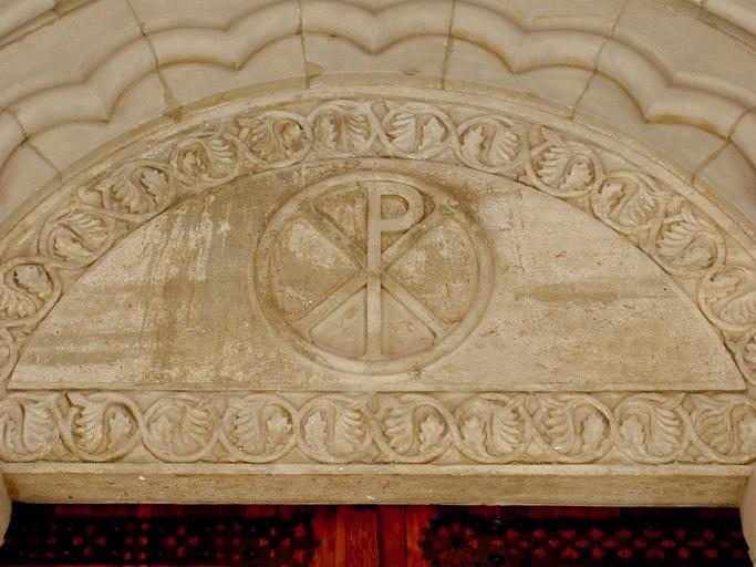 Keywords: Pamplona - El Salvador 24.jpg en Tímpano de la portada de la iglesia de El Salvador Pamplona Navarra España own Zarateman 2010-03-14 Church of El Salvador Pamplona Tympanums in Spain Chi Rho in Spain cc-zero
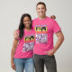 El color es muy bonito al natural, como la foto. El tejido es suave y de buena calidad. Sin defectos en el tintado, ni hilos sueltos o descosidos. Bien la impresión. Los bordes de las letras y el dibujo son nítidos, y el color contrasta muy bien con el de la camiseta.
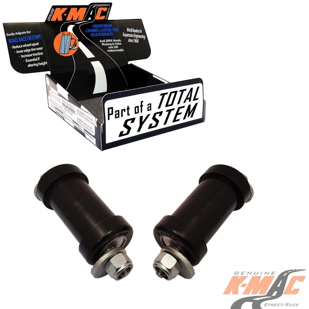 The Camber, Caster and Toe bushings are also precisely adjustable (unique KMAC patented design – single wrench on car – accurately under load direct on alignment rack). With the lower arm “Camber” bushings providing also “extra” track width (and negative adjustment to further reduce understeer) on race days.

------

The task:
Omit all images when repeating the data above exactly.

Solved problem:
 Keywords: Pamplona - El Salvador 24.jpg en Tímpano de la portada de la iglesia de El Salvador Pamplona Navarra España own Zarateman 2010-03-14 Church of El Salvador Pamplona Tympanums in Spain Chi Rho in Spain cc-zero
 El color es muy bonito al natural, como la foto. El tejido es suave y de buena calidad. Sin defectos en el tintado, ni hilos sueltos o descosidos. Bien la impresión. Los bordes de las letras y el dibujo son nítidos, y el color contrasta muy bien con el de la camiseta.
 The Camber, Caster and Toe bushings are also precisely adjustable (unique KMAC patented design – single wrench on car – accurately under load direct on alignment rack). With the lower arm “Camber” bushings providing also “extra” track width (and negative adjustment to further reduce understeer) on race days.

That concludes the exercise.